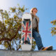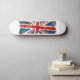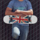 Dieses Element hat die britische Flagge in einem bedrückten Stil, der in einem leichten Winkel. Die Fahne wird in einem horizontalen Bar mit aufgelösten Kanten zugeschnitten. Das Vereinigte Königreich Großbritannien und Nordirland verwendet als Nationalflagge das königliche Banner, das als Gewerkschaft-Flaggen oder als Unionsflagge bezeichnet wird — Technisch ist der letztere Begriff, obwohl der häufigere Name für die Flagge, bezieht sich auf seine Verwendung als Jack der Seeschifffahrt auf See.[1] Die derzeitige Konstruktion der Flagge stammt aus der Gewerkschaft Irlands und Großbritanniens im Jahr 1801. Es besteht aus dem roten Kreuz des Heiligen Georgs (Schutzheilige von England), in weiß gekleidet, überlagert auf das Kreuz des St. Patrick (Schutzheilige von Irland), die überlagert werden auf den Salreifen von Heiligen Andrew (Schutzheilige von Schottland). Wales ist jedoch in der Gewerkschaft Flag nicht durch den Schutzheiligen von Wales, Saint David, vertreten, da zum Zeitpunkt der Konstruktion der Fahne Wales war Teil des Königreichs England.
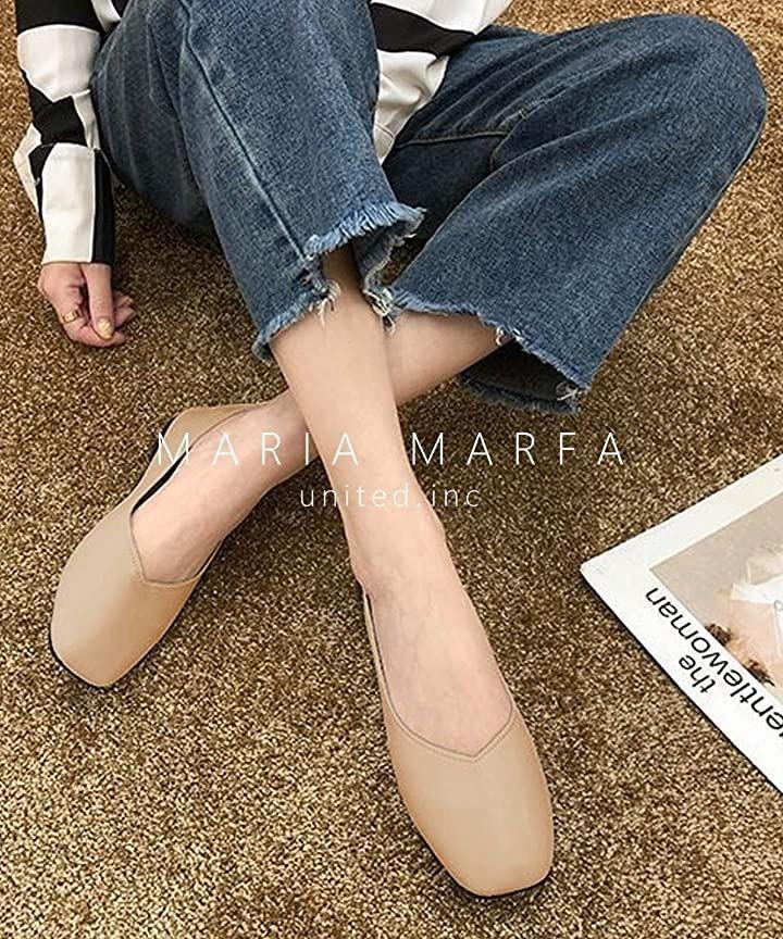 コロンと丸みのあるスクエアトゥが可愛らしいぺたんこパンプスの登場です。
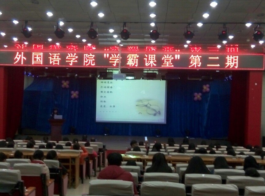 2015年11月17号晚7点,太阳成集团tyc122cc在开发区校区综合楼二楼学术报告厅举行第二期“学霸课堂”讲座。外国语公司党委副书记、副经理等相关领导老师和全体2015级新生参加了讲座。
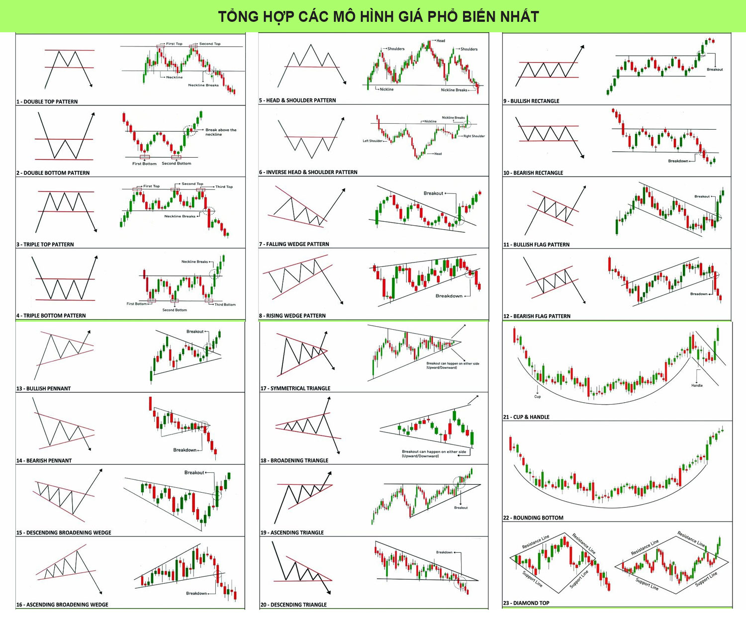Bài viết này tổng hợp các mô hình giá phổ biến nhất trong Forex, phân tích đặc điểm kỹ thuật và cách giao dịch cơ bản.
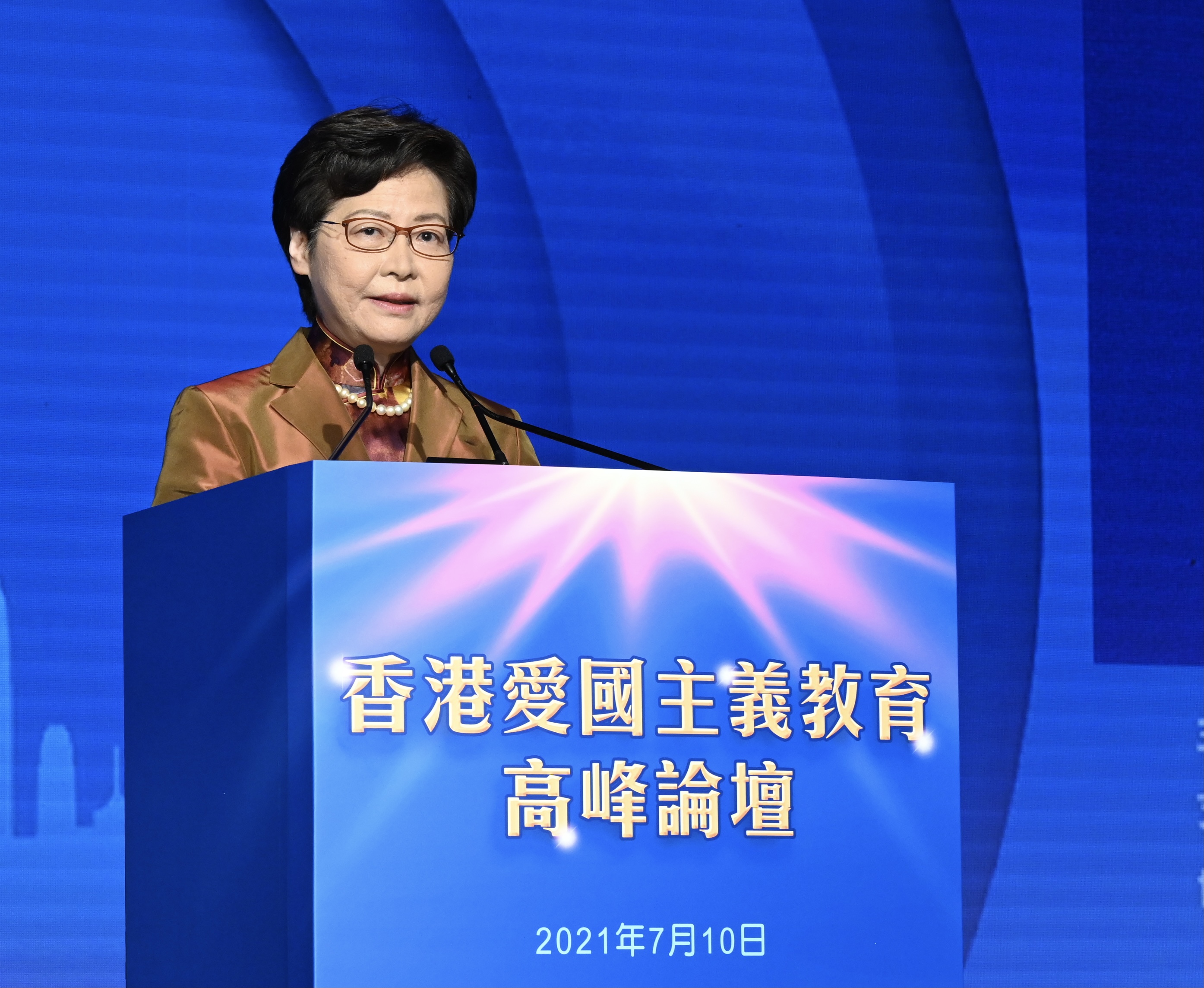 行政長官林鄭月娥今日(7月10日)出席香港愛國主義教育高峰論壇致辭,指古今中外,愛自己的國家是天經地義的事,而背叛國家都被視為非常嚴重的罪行,是天理不容的。
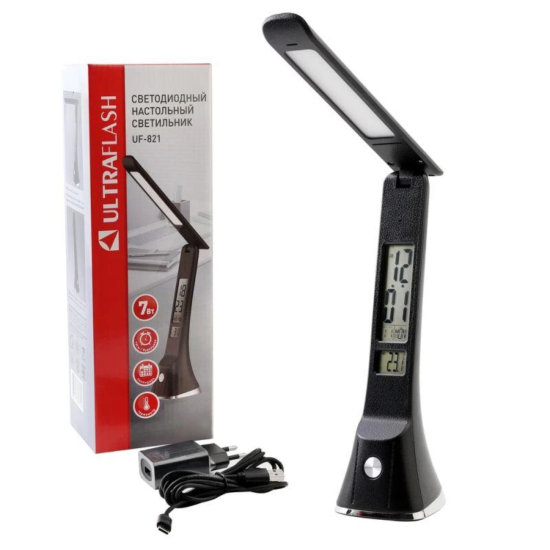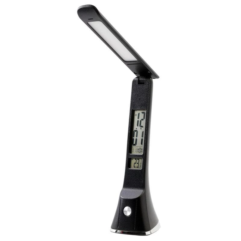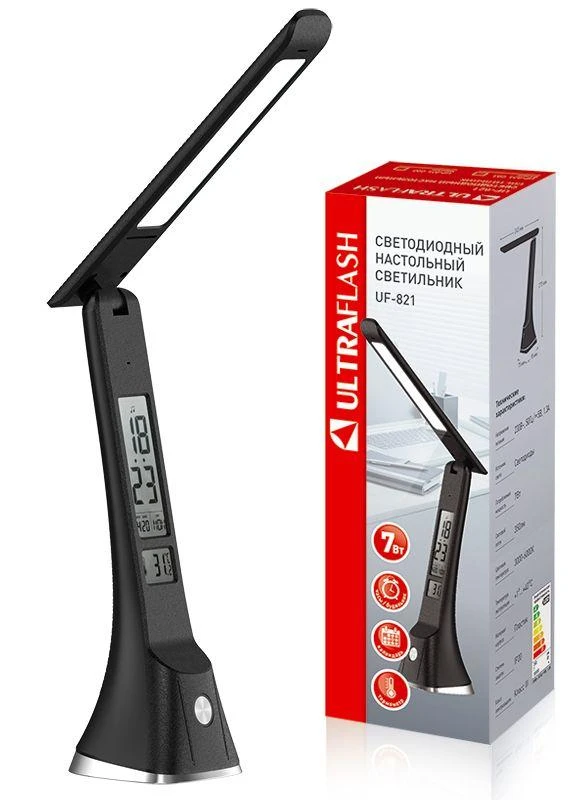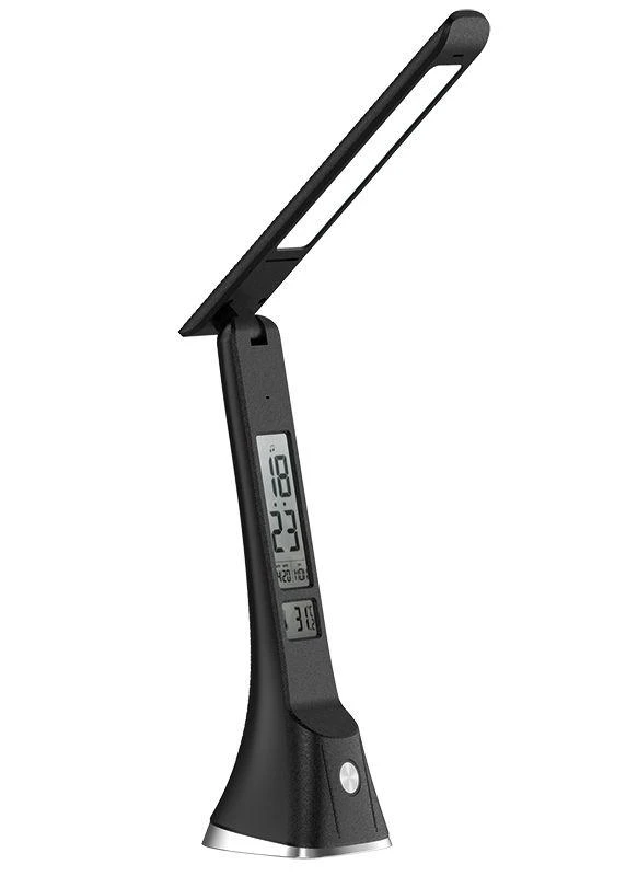 Цвет черный, источник света - встроенные светодиоды, мощность 7Вт, световой поток 350Лм, димируемый, цветовая температура 3000К-6000К, смена цветовой температуры, с дисплеем, календарем, таймером, термометром.

» TASK TO CARRY OUT: Leaving every picture out, return the lines from the one containing "行政長官林鄭月娥今日(7月1" through the last line of the records exactly.

» WRITTEN SOLUTION:
 行政長官林鄭月娥今日(7月10日)出席香港愛國主義教育高峰論壇致辭,指古今中外,愛自己的國家是天經地義的事,而背叛國家都被視為非常嚴重的罪行,是天理不容的。
 Цвет черный, источник света - встроенные светодиоды, мощность 7Вт, световой поток 350Лм, димируемый, цветовая температура 3000К-6000К, смена цветовой температуры, с дисплеем, календарем, таймером, термометром.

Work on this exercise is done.